Le régime micro-entrepreneur est par ailleurs peu utilisé comme une phase « test » et un tremplin vers l’entrepreneuriat classique. 1% des micro-entrepreneurs évoluent chaque année vers le régime classique (les changements de régime sont plus fréquents dans les professions libérales paramédicales et dans l’artisanat du bâtiment).
Si le turn-over du tissu est très élevé les trois premières années (seule une entreprise sur deux atteint sa troisième année), près de 40% des micro-entrepreneurs sont actifs depuis plus de 5 ans et ont une activité pérenne, sans aucun objectif d’évolution vers un modèle classique.
A noter enfin : les micro-entrepreneurs ne sont pas tous des « créatures » de l’économique numérique. Seule une minorité trouve ses marchés par le biais des plates-formes numériques.
Le succès du régime provient de plusieurs facteurs :
- la simplicité des formalités d’immatriculation et de gestion ; la possibilité d’entreprendre sans risque (et même souvent sans projet abouti).
- l’évolution des formes de travail et du rapport au travail : l’envie d’indépendance est une valeur en hausse et le régime micro-entrepreneur permet de choisir son temps de travail.
Profils des indépendants, activité et viabilité économique
Le déploiement de ce régime a donc amené dans l’entrepreneuriat de nouveaux profils : indépendants exerçant leur activité à temps partiel, en complément d’une activité salariée ou par choix ; indépendants précaires sur le marché de l’emploi et souvent bénéficiaires de revenus sociaux. Sans risque financier, il a permis l’installation plus précoce de jeunes entrepreneurs.
Age des indépendants : les micro-entrepreneurs sont en effet plus jeunes que les indépendants des régimes classiques.
La préférence donnée au régime micro-entrepreneur par de jeunes entrepreneurs peut être liée à plusieurs facteurs :
- Une faible capacité d’emprunt bancaire et d’investissement (le choix du régime micro-entrepreneur peut être une alternative quand l’acquisition d’un fonds de commerce ou la location de locaux professionnels est impossible).
- L’impossibilité de trouver un emploi salarié en sortie de formation.
La population des indépendants des régimes classiques, dont le renouvellement est faible pour ce qui concerne les chefs d’entreprises individuelles, est en revanche vieillissante : 43% ont 50 ans et plus.
Les femmes font également plus souvent le choix du régime micro-entrepreneur (sauf dans l’artisanat du bâtiment ).

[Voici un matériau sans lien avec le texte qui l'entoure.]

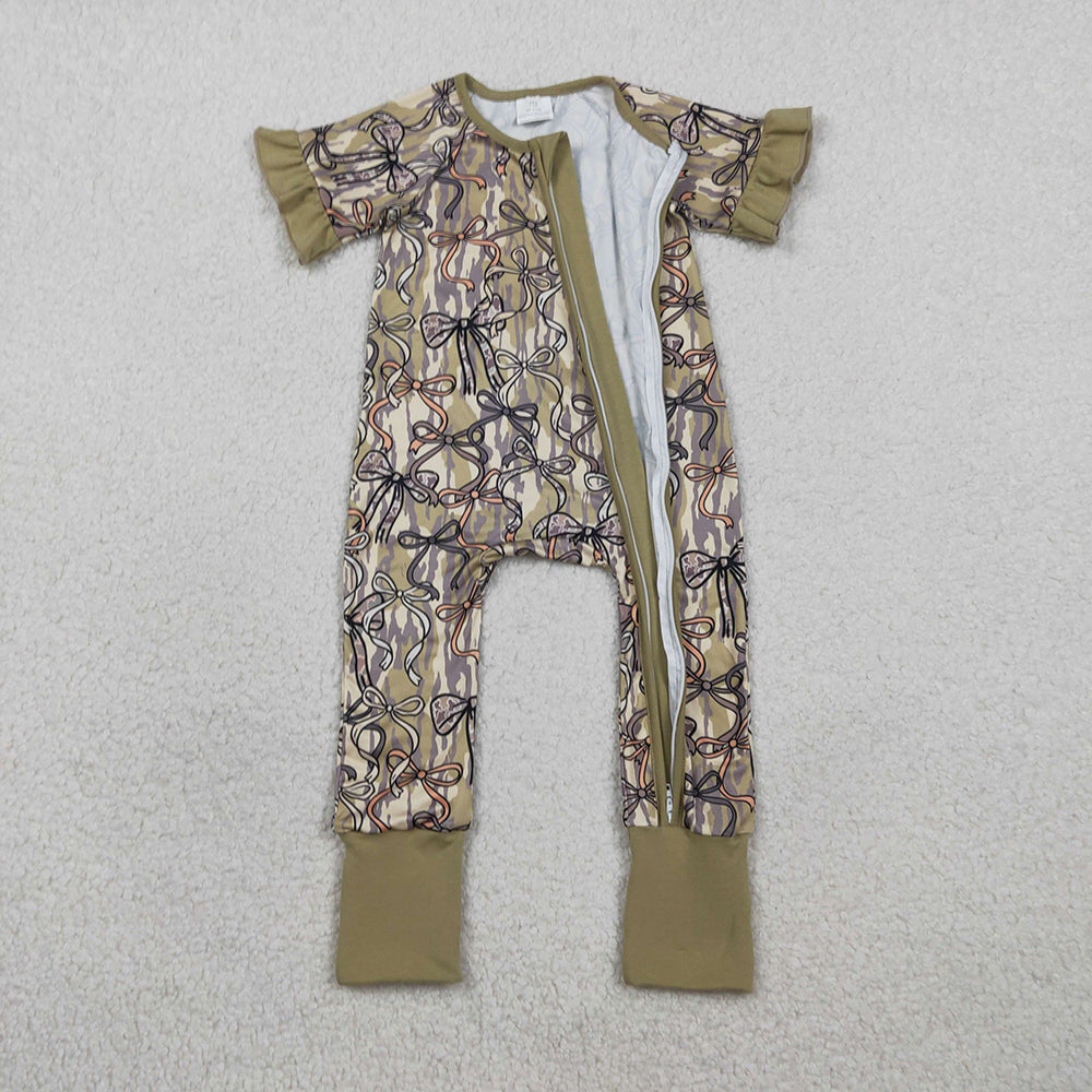 SR3931 Bows Camo Print Baby Girls Zipper Sleeper Romper

Globalement, elles représentent 43% des micro-entrepreneurs, contre 40% des indépendants du régime classique. Le régime tend donc à attirer dans l’entrepreneuriat plus de femmes. On constate néanmoins que les choix d’activité restent très genrés.
Activité : seuls les ¾ déclarent un chiffre d‘affaires.
Le taux de micro-entrepreneurs actifs évolue peu dans le temps (à part une baisse observée durant la crise sanitaire). Le taux de transformation économique du projet entrepreneurial varie selon les secteurs : il est le plus élevé dans la coiffure (91% de micro-entrepreneurs actifs économiquement), dans les métiers d’art (céramique, coutellerie, facture instrumentale, verre, taille de pierre…), les professions paramédicales non réglementées et l’enseignement. Il est plus faible (60% des comptes de micro-entreprises) dans les services informatiques et le conseil en gestion.
Revenus d’activité : ceux des indépendants classiques sont six fois supérieurs à ceux des micro-entrepreneurs. Le revenu moyen des micro-entrepreneurs de ces secteurs est de 7 609 €, au lieu de 49 884 € pour les indépendants des régimes classiques.